Three Months Ended September 30, 2002 Compared to Three Months Ended
September 30, 2001


Alside and Corporate

      Subsequent to the merger transaction and sale of AmerCable, Alside and
Corporate represent the ongoing operations of the Company.

      Net sales increased 17.0% to $176.7 million for the three months ended
September 30, 2002 compared to $150.9 million for the same period in 2001 due to
increased sales of vinyl windows and vinyl siding. Unit sales of vinyl windows
and vinyl siding increased 32% and 5%, respectively, for the third quarter of
2002 compared to the same period in 2001. The increase in sales volume is the
result of the Company's marketing investment and nationwide distribution network
of supply centers. The Company also believes that the increased sales volume can
be attributed to consumers' demand for professional remodeling services
including vinyl replacement windows and vinyl siding as a means to enhance home
values during a time of historically low interest rates. Gross profit increased
to $53.9 million, or 30.5% of net sales, in the third quarter of 2002 compared
to $46.1 million, or 30.5% of net sales, for the third quarter of 2001. Selling,
general and administrative expense increased to $34.6 million, or 19.6% of net
sales, in the third quarter of 2002 versus $28.6 million, or 19.0% of net sales,
in the same period in 2001. SG&A expense increased as a result of seven new
supply centers added during 2002, personnel added to support sales growth at
existing supply centers, additional marketing investments to drive higher sales
volumes and increased commissions resulting from the higher sales. Income from
operations increased to $19.3 million, or 10.9% of net sales, for the third
quarter of 2002 compared to $17.5 million, or 11.6% of net sales, for the same
period in 2001.

EBITDA and Adjusted EBITDA

      EBITDA for the third quarter of 2002 was $22.2 million compared to $21.9
million in the same period in 2001. EBITDA and Adjusted EBITDA were the same for
the third quarter of 2002. Adjusted EBITDA for the third quarter of 2001,
excluding EBITDA of $2.1 million from the Company's AmerCable division, was
$19.8 million. EBITDA increased $2.4 million or 12.0% in the third quarter of
2002 compared to Adjusted EBITDA for the same period in the prior year. The
increase in EBITDA is primarily a result of the Company's increased sales
volume.

Nine Months Ended September 30, 2002 Compared to Nine Months Ended September
30, 2001

Alside and Corporate

      Net sales increased 19.1% to $452.6 million for the nine months ended
September 30, 2002 compared to $380.1 million for the same period in 2001 due to
increased sales of vinyl windows and vinyl siding. Unit sales of

                                     - 10 -

vinyl windows and vinyl siding increased 47% and 9%, respectively, for the nine
months ended September 30, 2002 compared to the same period in 2001. Net sales
increased for the reasons identified in the three-month discussion above.

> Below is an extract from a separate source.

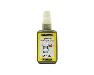 IA 105 je jednosložkové anaerobní středněviskózní lepidlo. Má vysokopevnostní charakteristiku a používá se na zajišťování matic, šroubů, čepů apod. tam, kde je vyžadována maximální bezpečnost. Vytvrzení na pasívních materiálech je možno urychlit použitím aktivátoru AC 64.
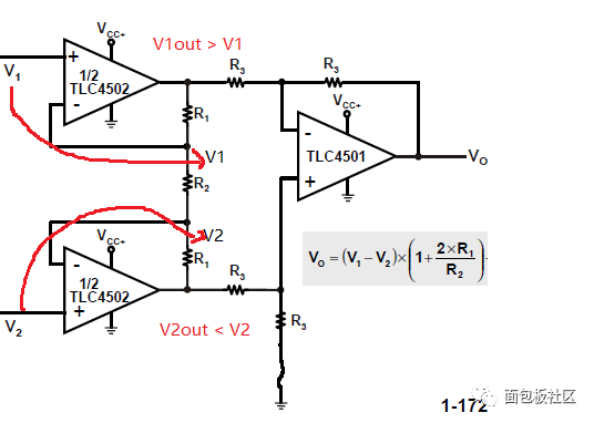 正相输入电压和反相输入电压体现在仪放内部的R2处,而真正进行输出的电压,是由V1out和V2out体现的,换一句话说,最终增加的电压值平分为两份,一份由V1out提供,它会比V1高,另外一份由V2out提供,它会比V2低。

Gross
profit increased to $135.7 million, or 30.0% of net sales, for the nine months
ended September 30, 2002 compared to $113.1 million, or 29.8% of net sales, for
the same period in 2001. SG&A expense increased to $97.3 million, or 21.5% of
net sales, for the nine months ended September 30, 2002 versus $83.4 million, or
21.9% of net sales, in the same period in 2001. SG&A expense increased for the
reasons identified in the three-month discussion above. Income from operations
increased to $38.4 million, or 8.5% of net sales, for the nine months ended
September 30, 2002 compared to $29.7 million, or 7.8% of net sales, for the same
period in 2001.

EBITDA and Adjusted EBITDA

      EBITDA for the nine months ended September 30, 2002 was $30.9 million
compared to $41.0 million for the same period in 2001. EBITDA for the nine
months ended September 30, 2002 includes $1.9 million of EBITDA relating to the
Company's AmerCable division, merger transaction costs of $9.3 million, pre-tax
extraordinary expenses of $7.6 million and a cost of sales expense of $1.9
million relating to an inventory fair value adjustment recorded at the time of
the merger transaction. Adjusted EBITDA, excluding the amounts discussed above,
was $47.8 million for the nine months ended September 30, 2002. EBITDA for the
nine months ended September 30, 2001 includes EBITDA of $6.9 million relating to
the Company's AmerCable division and a charge of $2.4 million for the write-down
of the Company's investment in Amercord Inc. Adjusted EBITDA for the nine months
ended September 30, 2001, excluding the amounts discussed above, was $36.5
million. Adjusted EBITDA increased $11.3 million or 31.1% for the nine months
ended September 30, 2002 compared to the same period in the prior year. The
increase in Adjusted EBITDA is primarily a result of the Company's increased
sales volume.

Successor and Predecessor Results

      The Successor had net sales and net income of $290.6 million and $7.5
million, respectively, for the period from April 19, 2002 to September 30, 2002.
Interest expense during this period was $11.0 million and consisted primarily of
interest on the 9-3/4% Notes, term loan and revolving loans under the credit
facility, an interim credit facility temporarily utilized for the merger
transaction and amortization of deferred financing costs. As a result of
relocating the Company's corporate office from Texas to Ohio, the Successor's
state and local income tax rate increased, raising the Company's total effective
tax rate to 41.5% from 38.5%. The Successor's results include extraordinary
items of $4.4 million, net of tax, for the premium paid to extinguish $74.0
million of the Successor's assumed 9-1/4% Notes and financing fees related to an
interim credit facility utilized for the merger transaction which was repaid
shortly thereafter and a loss from discontinued operations of $0.5 million, net
of tax, for the Company's AmerCable division.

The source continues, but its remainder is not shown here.